John Glenn Has Died, And Not Only Literally




Former Ohio Senator John Glenn, who died on Thursday, unexpectedly failed miserably in his effort to obtain the Democratic presidential nomination in 1984. Jeff Greenfield remarks

There were important lessons from that failed campaign that resonate—or ought to resonate—today. A candidate without a compelling, thematically consistent message is at an enormous disadvantage. Attributes that political insiders see as powerful assets may turn out to be irrelevant to an electorate looking for something new.

Not only did Glenn lack the "compelling, thematically consistent message" necessary for a presidential nomination, he lacked the character needed, even then, to be win a general election for President. Charlie Pierce comments

In 1984, when John Glenn was preparing to run for president, I sat down in a bar on Beacon Hill in Boston for a chat with one of his chief strategists. This fellow smacked my gob across the room when he said that the campaign was planning to "downplay the hero stuff." My god, I thought. Without The Hero Stuff, Glenn was just a kind of boring old sod from Ohio. Without The Hero Stuff, he wasn't the first American to orbit the Earth. He wasn't the guy who spent the last of those orbits in a tiny spacecraft with a problem the gravity of which the folks on the ground could only guess. Without The Hero Stuff, he wasn't…an astronaut.

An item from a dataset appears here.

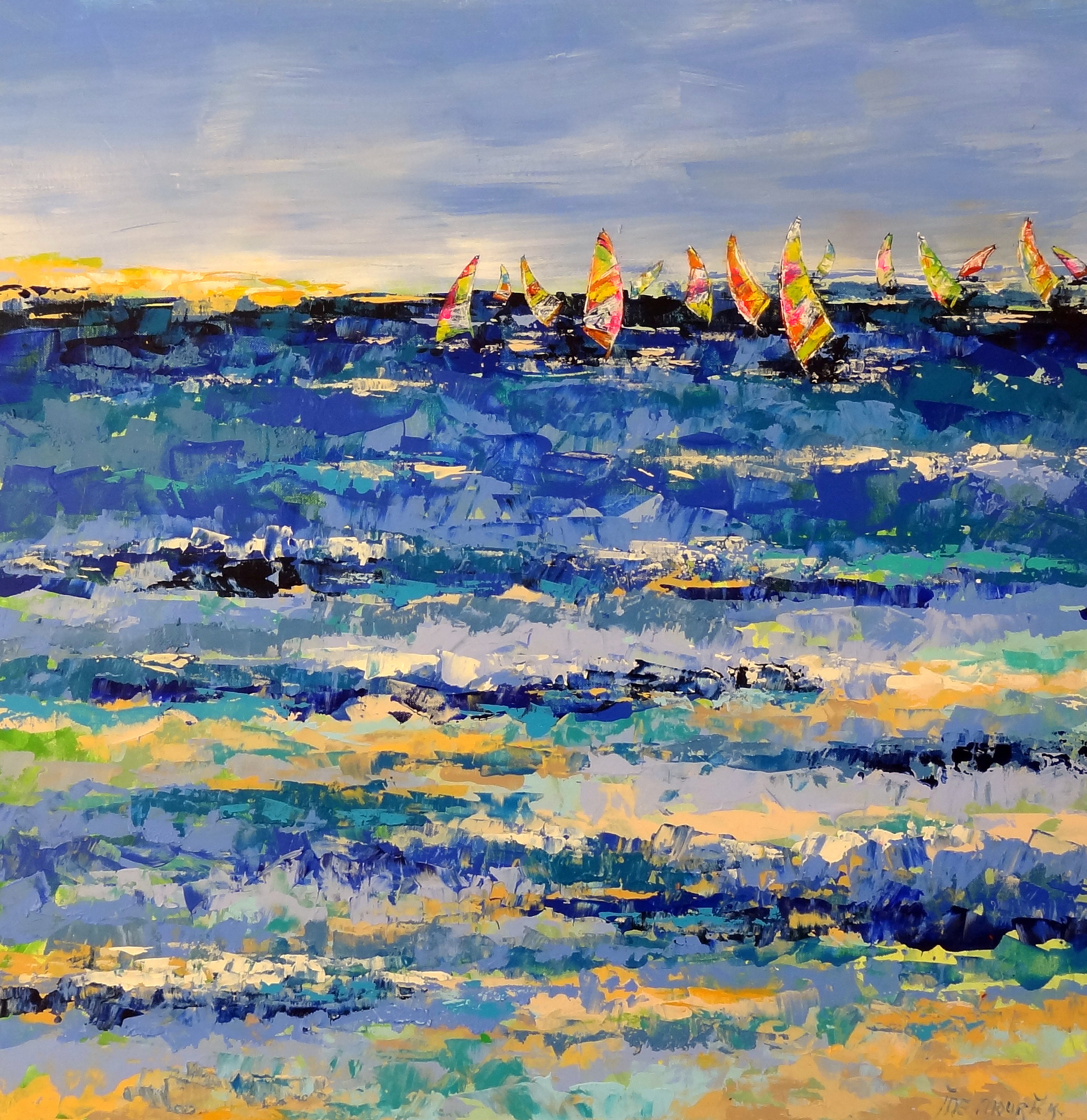 Mijn inspiratie: De zeilen van surfers in een ruwe zee. De kleurrijke zeilen van de surfers vormen een mooi contrast met het donker blauwe water. De zijkanten van het doek zijn meegeschilderd. Inclusief houten baklijst in de kleuren zwart en zilver.

He would downplay the hero stuff.  Winning presidential candidates are hardly humble, whether like Ronald(6) Wilson(6) Reagan(6) and Bill Clinton they fake humility, or don't even bother, in the manner of George W. Bush, Barack Obama, or Donald J. Trump. It was on May 1, 2003 when President Bush made history for the

first time a sitting president has arrived on the deck of an aircraft carrier by plane. The jet made what is known as a "tailhook" landing, with the plane, traveling about 150 mph, hooking onto the last of four steel wires across the flight deck and coming to a complete stop in less than 400 feet.

The exterior of the four-seat Navy S-3B Viking was marked with "Navy 1" in the back and "George W. Bush Commander-in-Chief" just below the cockpit window. On the plane's tail was the insignia of the squadron, the "Blue Wolves."

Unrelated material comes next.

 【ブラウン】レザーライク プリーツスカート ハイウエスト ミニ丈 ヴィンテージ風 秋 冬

Moments after the landing, the president, wearing a green flight suit and holding a white helmet, got off the plane, saluted those on the flight deck and shook hands with them. Above him, the tower was adorned with a big sign that read, "Mission Accomplished."




Pretty bold stuff from a guy who skipped out of his National Guard duty. He was in turn succeeded in office by the guy who on Super Tuesday 2008 declared "change will not come if we wait for some other person or if we wait for some other time. We are the ones we've been waiting for. We are the change that we seek." He defeated a guy who downplayed his heroic military service, which did spare the nation a Vice-President Sarah Palin.






We now have elected as President a man who in the last thirteen months alone, with the eyes of the nation upon him, stated

"I know more about ISIS (the Islamic State militant group) than the generals do. Believe me." 
"Nobody knows jobs like I do."
"I know more about foreign policy than anybody running." 
"Nobody reads the Bible more than me."
"Nobody knows more about trade than me." 
"Nobody knows the (visa) system better than me. I know the H1B. I know the H2B. Nobody knows it better than me."
"I've studied (the Iran deal) in great detail, I would say actually greater by far than anyone else."
"I know more about renewables than any human being on Earth."
"Nobody knows more about taxes than I do — maybe in the history of the world."
"There is nobody who understands the horror of nuclear more than me." 
"I understand money better than anybody,"
"Nobody knows debt better than me."
"Nobody in the history of this country has ever known so much about infrastructure as Donald Trump." 

Donald Trump has shattered all records in the narcissistic sweeptstakes. Although it wasn't as bad in 1984,when  the failure of the self-effacing John Glenn may have foreshadowed a great cultural shift in which voters increasingly to elect candidates with extraordinary egos. And here we are.